**WORK INSTRUCTIONS:** Below are some records. Return exactly their lines from the one containing "特選寿司 3,080円 (税込)" through the one containing "Un document iconographique", and drop the pictures.

--- EXERCISE INPUT ---

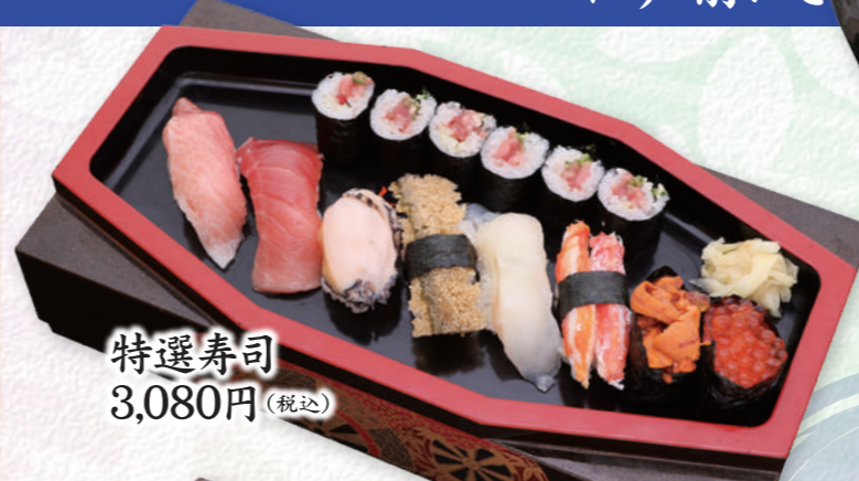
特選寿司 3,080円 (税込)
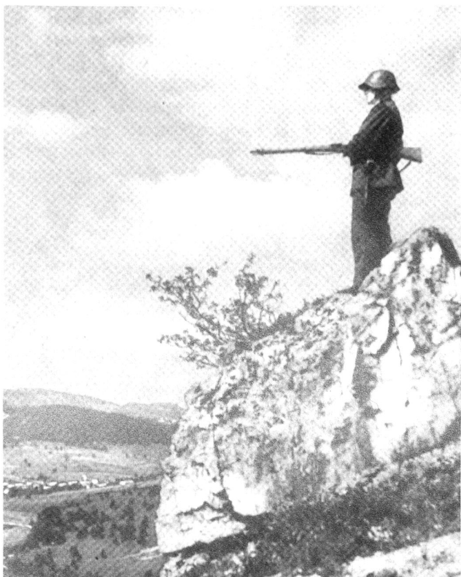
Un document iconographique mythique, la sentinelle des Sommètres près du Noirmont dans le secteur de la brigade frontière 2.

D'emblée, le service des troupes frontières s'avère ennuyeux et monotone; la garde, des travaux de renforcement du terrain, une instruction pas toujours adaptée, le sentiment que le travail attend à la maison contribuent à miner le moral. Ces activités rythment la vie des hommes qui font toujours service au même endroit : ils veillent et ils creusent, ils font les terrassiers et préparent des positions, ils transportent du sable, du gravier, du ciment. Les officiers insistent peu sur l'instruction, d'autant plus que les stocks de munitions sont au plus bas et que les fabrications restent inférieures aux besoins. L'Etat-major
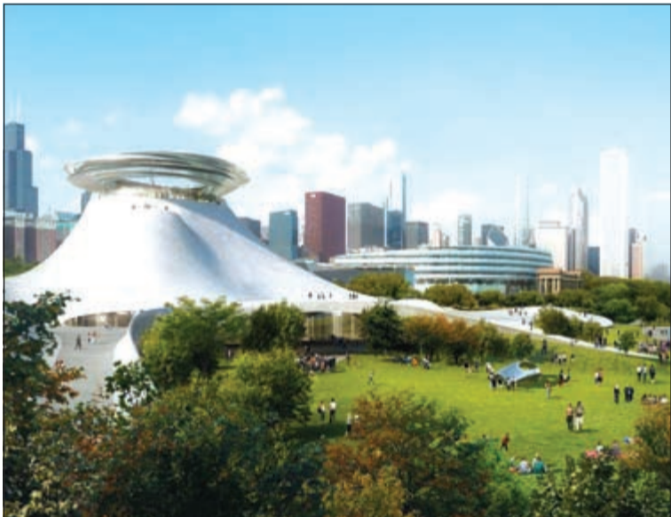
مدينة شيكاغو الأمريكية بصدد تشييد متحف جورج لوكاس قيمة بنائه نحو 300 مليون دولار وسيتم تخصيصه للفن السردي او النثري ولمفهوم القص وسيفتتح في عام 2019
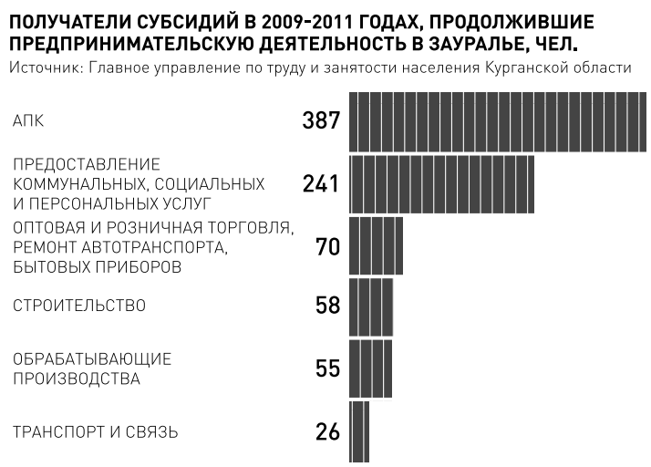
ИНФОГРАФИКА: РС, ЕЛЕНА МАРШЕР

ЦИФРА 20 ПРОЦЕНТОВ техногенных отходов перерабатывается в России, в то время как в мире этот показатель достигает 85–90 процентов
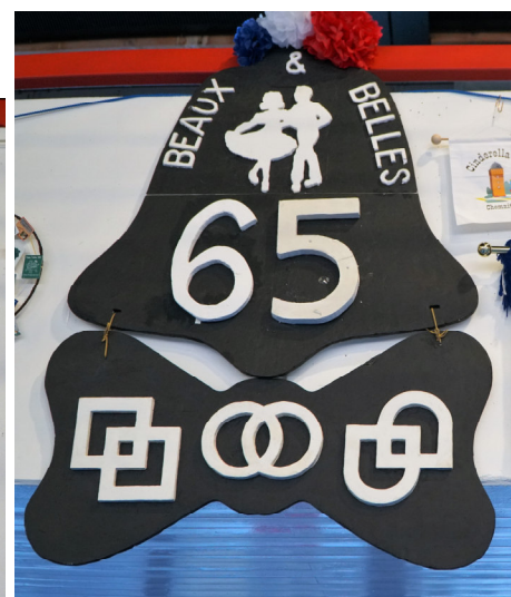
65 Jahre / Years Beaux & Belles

---
--- EXERCISE INPUT ---

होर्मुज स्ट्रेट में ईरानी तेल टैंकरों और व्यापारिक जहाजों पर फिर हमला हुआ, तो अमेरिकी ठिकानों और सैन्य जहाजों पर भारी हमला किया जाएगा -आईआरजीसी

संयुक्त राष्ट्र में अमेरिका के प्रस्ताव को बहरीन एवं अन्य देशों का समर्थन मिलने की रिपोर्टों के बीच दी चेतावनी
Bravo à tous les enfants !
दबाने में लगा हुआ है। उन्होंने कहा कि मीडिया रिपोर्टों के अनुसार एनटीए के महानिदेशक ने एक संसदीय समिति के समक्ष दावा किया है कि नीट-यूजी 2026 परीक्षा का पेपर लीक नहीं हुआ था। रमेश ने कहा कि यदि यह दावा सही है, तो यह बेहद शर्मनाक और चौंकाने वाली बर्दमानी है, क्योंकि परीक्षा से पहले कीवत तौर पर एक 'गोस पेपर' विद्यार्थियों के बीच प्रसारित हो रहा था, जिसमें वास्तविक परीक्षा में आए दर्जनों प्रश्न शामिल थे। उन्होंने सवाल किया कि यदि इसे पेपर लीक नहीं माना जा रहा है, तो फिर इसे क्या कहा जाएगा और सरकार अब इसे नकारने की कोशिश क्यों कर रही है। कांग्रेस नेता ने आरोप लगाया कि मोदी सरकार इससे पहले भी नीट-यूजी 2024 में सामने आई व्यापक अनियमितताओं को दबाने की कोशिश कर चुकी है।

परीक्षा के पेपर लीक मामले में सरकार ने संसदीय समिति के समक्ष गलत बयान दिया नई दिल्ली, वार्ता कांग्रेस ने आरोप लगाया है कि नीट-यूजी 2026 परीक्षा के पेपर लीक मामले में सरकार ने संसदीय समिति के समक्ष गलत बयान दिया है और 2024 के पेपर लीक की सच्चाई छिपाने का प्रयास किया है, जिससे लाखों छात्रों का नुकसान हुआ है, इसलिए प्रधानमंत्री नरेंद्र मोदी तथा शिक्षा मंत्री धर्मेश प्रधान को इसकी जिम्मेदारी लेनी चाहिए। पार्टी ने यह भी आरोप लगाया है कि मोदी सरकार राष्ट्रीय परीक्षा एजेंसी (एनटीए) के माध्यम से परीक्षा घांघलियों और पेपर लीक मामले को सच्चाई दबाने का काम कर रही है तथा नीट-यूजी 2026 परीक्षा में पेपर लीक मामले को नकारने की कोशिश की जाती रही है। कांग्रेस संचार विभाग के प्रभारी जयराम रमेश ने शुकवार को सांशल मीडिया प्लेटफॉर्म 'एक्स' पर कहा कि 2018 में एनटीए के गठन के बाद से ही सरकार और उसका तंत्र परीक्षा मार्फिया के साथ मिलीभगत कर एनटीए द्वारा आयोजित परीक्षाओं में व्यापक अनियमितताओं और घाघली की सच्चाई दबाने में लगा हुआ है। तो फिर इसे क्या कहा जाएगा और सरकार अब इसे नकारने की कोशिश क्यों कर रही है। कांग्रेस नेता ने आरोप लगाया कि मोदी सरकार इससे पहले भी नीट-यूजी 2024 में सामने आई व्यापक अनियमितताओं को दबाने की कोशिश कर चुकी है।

---
--- EXERCISE INPUT ---

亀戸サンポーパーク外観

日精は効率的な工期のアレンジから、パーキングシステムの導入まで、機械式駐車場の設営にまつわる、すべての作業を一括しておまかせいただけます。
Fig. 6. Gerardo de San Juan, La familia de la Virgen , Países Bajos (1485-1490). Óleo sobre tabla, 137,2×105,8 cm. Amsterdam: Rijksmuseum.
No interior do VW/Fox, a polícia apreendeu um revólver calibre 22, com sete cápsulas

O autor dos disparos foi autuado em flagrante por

---

**SOLUTION FOR THIS TASK:**
特選寿司 3,080円 (税込)
Un document iconographique mythique, la sentinelle des Sommètres près du Noirmont dans le secteur de la brigade frontière 2.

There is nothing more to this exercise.